If the user wants TDISP for VMs, this assumes the user does not trust the
host OS and therefore the TSM (which is trusted) has to do CMA/SPDM and IDE.

The TSM code is not Linux and not shared among vendors. CMA/SPDM and IDE
seem capable of co-existing, TDISP does not.

Which makes sense, TDISP is not designed to be used outside of the
TEE-IO VFs assigned to TVM use case.

However there are common bits.
- certificates/measurements/reports blobs: storing, presenting to the
userspace (results of device_connect and tdi_bind);
- place where we want to authenticate the device and enable IDE
(device_connect);
- place where we want to bind TDI to a TVM (tdi_bind).

I've tried to address this with my (poorly named) drivers/pci/pcie/tdisp.ko
and a hack for VFIO PCI device to call tdi_bind.

The next steps:
- expose blobs via configfs (like Dan did configfs-tsm);
- s/tdisp.ko/coco.ko/;
- ask the audience - what is missing to make it reusable for other vendors
and uses?

The connect-bind-run flow is similar to the one we have defined for
RISC-V [1]. There we are defining the TEE-IO flows for RISC-V in
details, but nothing there is architectural and could somehow apply to
other architectures.

Yeah, it is good one!

Thanks. Comments and improvements proposal are welcome.

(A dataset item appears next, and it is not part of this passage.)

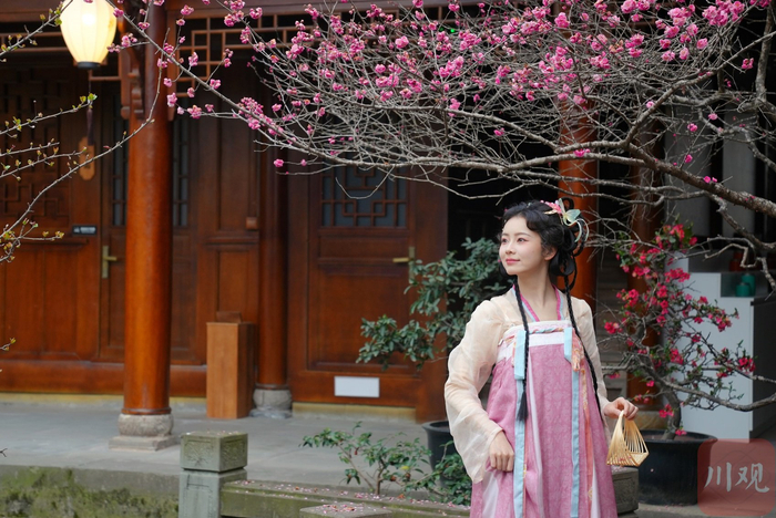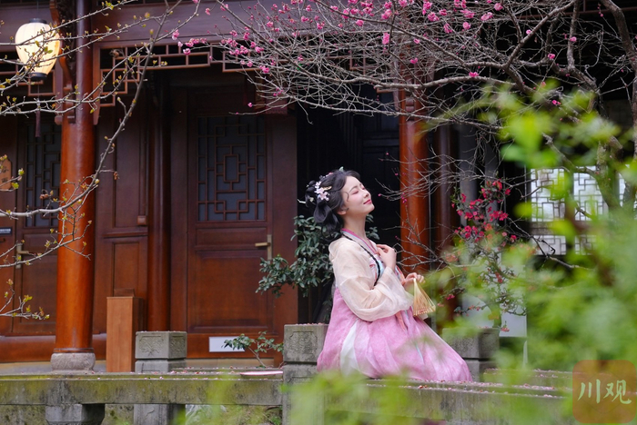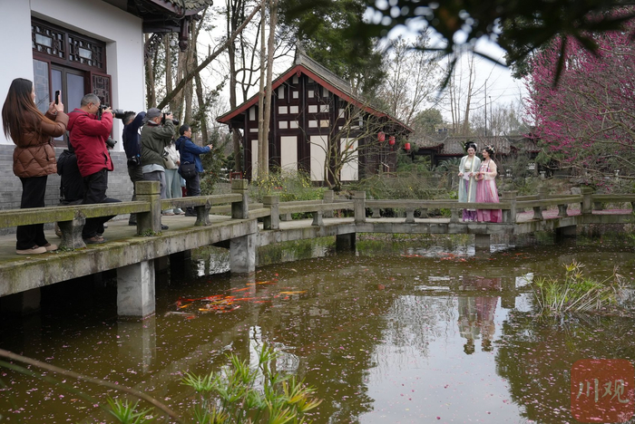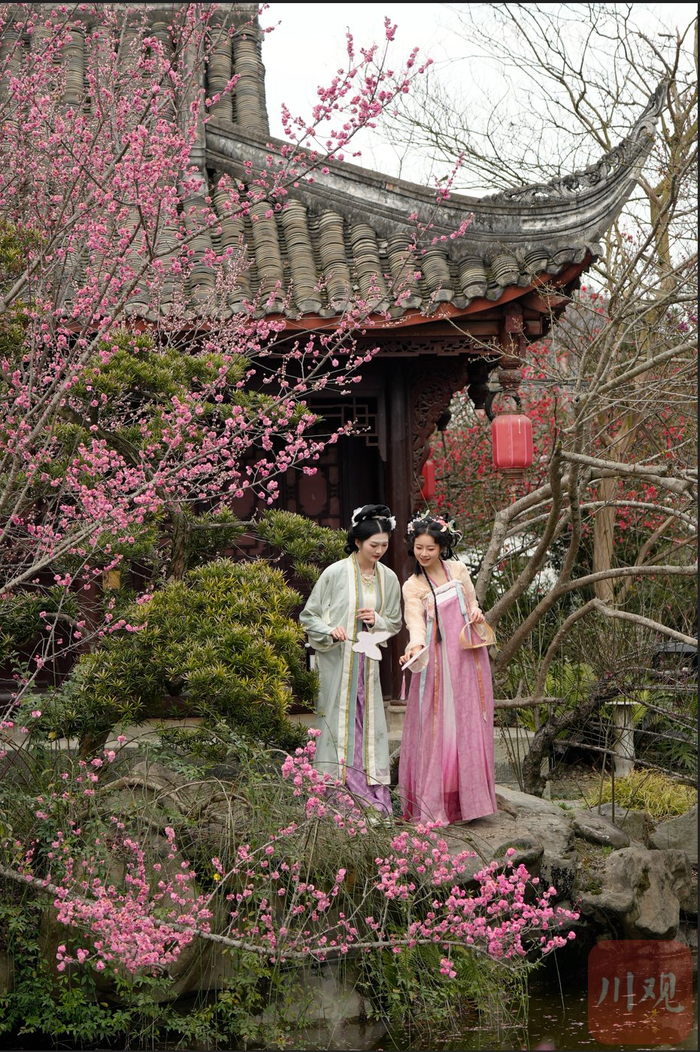 千姿百态的川派盆景再配上海棠花、梅花争奇斗艳,两位汉服爱好者穿梭其间,宛如一幅水墨画,吸引了摄影家们驻足创作。
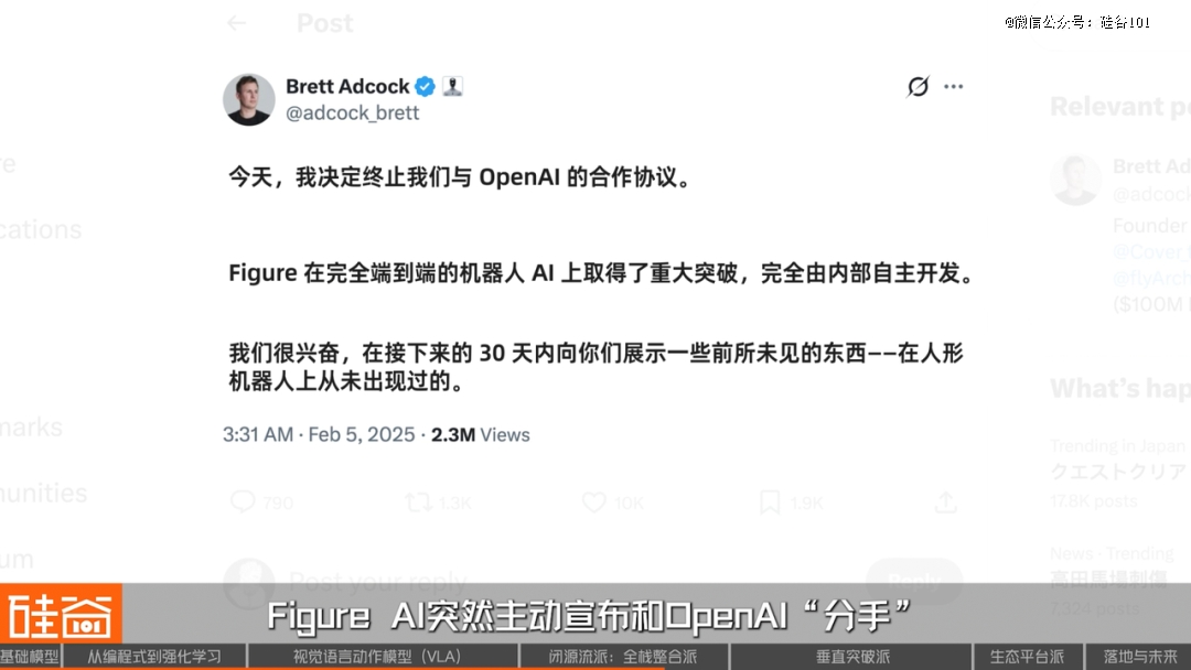 但好景不长。2025年2月,Figure AI突然主动宣布和OpenAI“分手”:他们要独立推出自己的基础模型,不再依赖OpenAI的技术。分手后的Figure AI,两周后就迅速推出新Helix模型,定位为通用人形机器人VLA模型,强调是完全自研、用于控制整个人形机器人。

I am still missing the need to have sbi_covg_start_interface() as a separate
step though. Thanks,

Just to reiterate: start_interface is a guest call into the TSM, to let
it know that it accepts the TDI. That makes the TSM do two things:

1. Enable the MMIO and DMA mappings.
2. Move the TDI to RUN.

After that call, the TDI is usable from a TVM perspective. Before that
call it is not, but its configuration and state are locked.
Right. I still wonder what bad thing can happen if we move to RUN before 
starting the TVM (I suspect there is something), or it is all about 
semantics (for the AMD TIO usecase, at least)?

Cheers,
Samuel.

--
Alexey